- Scale model of Achille, sister ship of French ship Danube (1808), on display at the Musée national de la Marine in Paris.

History

France
- Name: Danube
- Namesake: Danube river
- Builder: Toulon
- Laid down: 1806
- Launched: 21 December 1808
- Decommissioned: 1827
- Fate: Broken up

General characteristics
- Class & type: Téméraire-class ship of the line
- Displacement: 3,069 tonneaux
- Tons burthen: 1,537 port tonneaux
- Length: 55.87 m (183 ft 4 in)
- Beam: 14.46 m (47 ft 5 in)
- Draught: 7.15 m (23.5 ft)
- Depth of hold: 7.15 m (23 ft 5 in)
- Sail plan: Full-rigged ship
- Crew: 705
- Armament: 74 guns:; Lower gun deck: 28 × 36 pdr guns; Upper gun deck: 30 × 18 pdr guns; Forecastle and Quarterdeck: 16 × 8 pdr guns;

= French ship Danube (1808) =

Ship of the line of the French Navy

Danube was a 74-gun built for the French Navy during the first decade of the 19th century.

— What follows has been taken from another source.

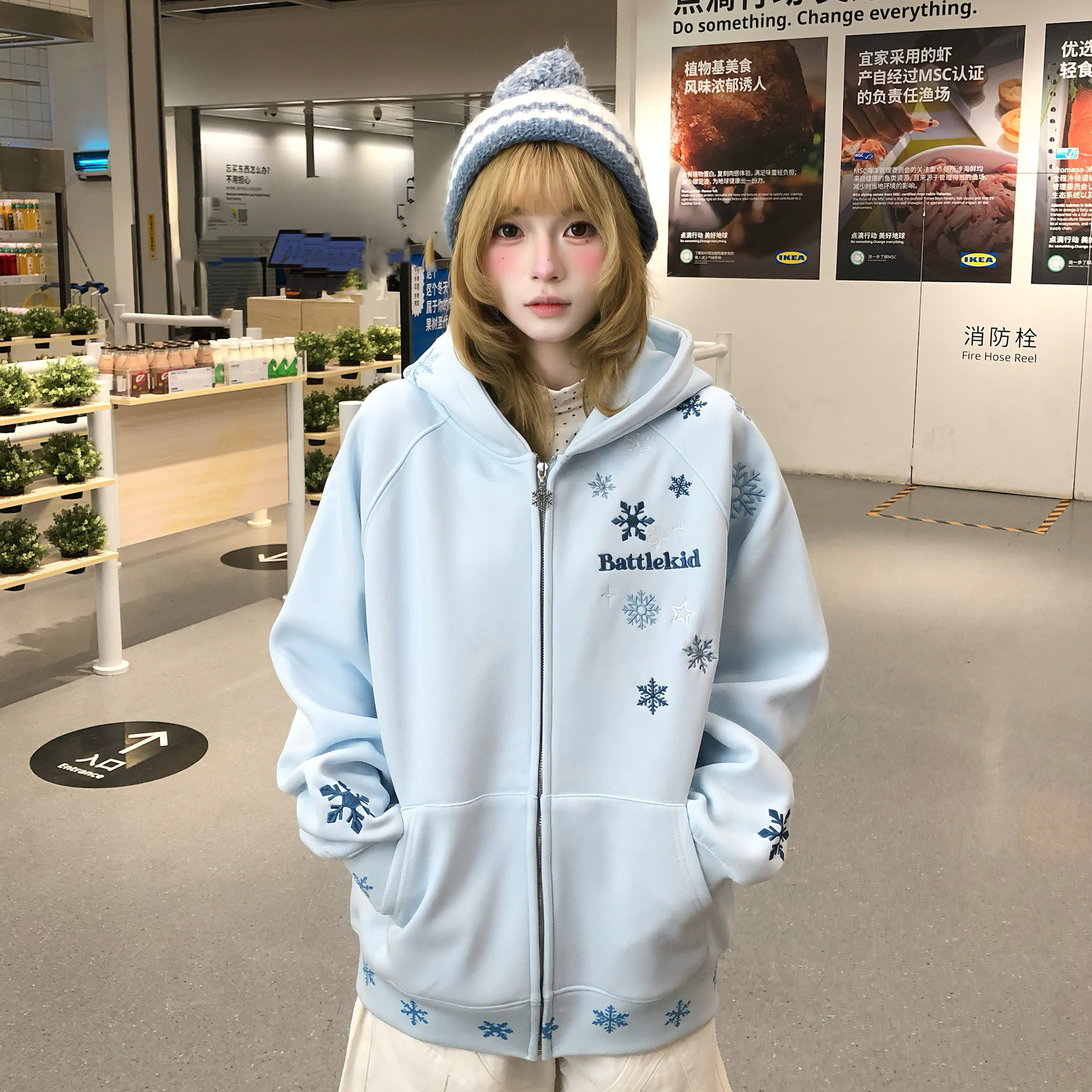 文文不乖美式满印雪花刺绣加绒开衫外套女宽松bf慵懒情侣连帽卫衣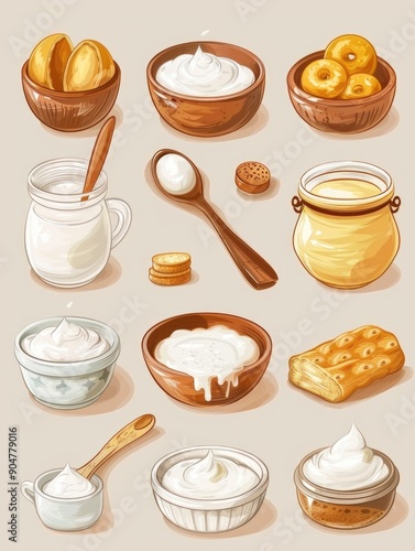 Food Variety with Bread Yogurt Cream

Completed in 1809, she played a minor role in the Napoleonic Wars.

==Description==
Designed by Jacques-Noël Sané, the Téméraire-class ships had a length of 55.87 m, a beam of 14.46 m and a depth of hold of 7.15 m. The ships displaced 3,069 tonneaux and had a mean draught of 7.15 m. They had a tonnage of 1,537 port tonneaux. Their crew numbered 705 officers and ratings during wartime. They were fitted with three masts and ship rigged.

The muzzle-loading, smoothbore armament of the Téméraire class consisted of twenty-eight 36-pounder long guns on the lower gun deck and thirty 18-pounder long guns on the upper gun deck. On the quarterdeck and forecastle were a total of sixteen 8-pounder long guns. Beginning with the ships completed after 1787, the armament of the Téméraires began to change with the addition of four 36-pounder obusiers on the poop deck (dunette). Some ships had instead twenty 8-pounders.

== Construction and career ==
Danube was ordered on 11 August 1806 and laid down on 1 June 1807 at the Arsenal de Toulon. The ship was launched on 21 December 1808, completed in August 1809 and commissioned on 28 August. Danube was recommissioned on 15 June 1810 by Captain Antoine Henry using the men from the 2nd Battalion of the Line (2^{e} bataillon de ligne).

The ship became a training ship in 1882. Danube was struck and ordered to be broken up on 18 December 1826.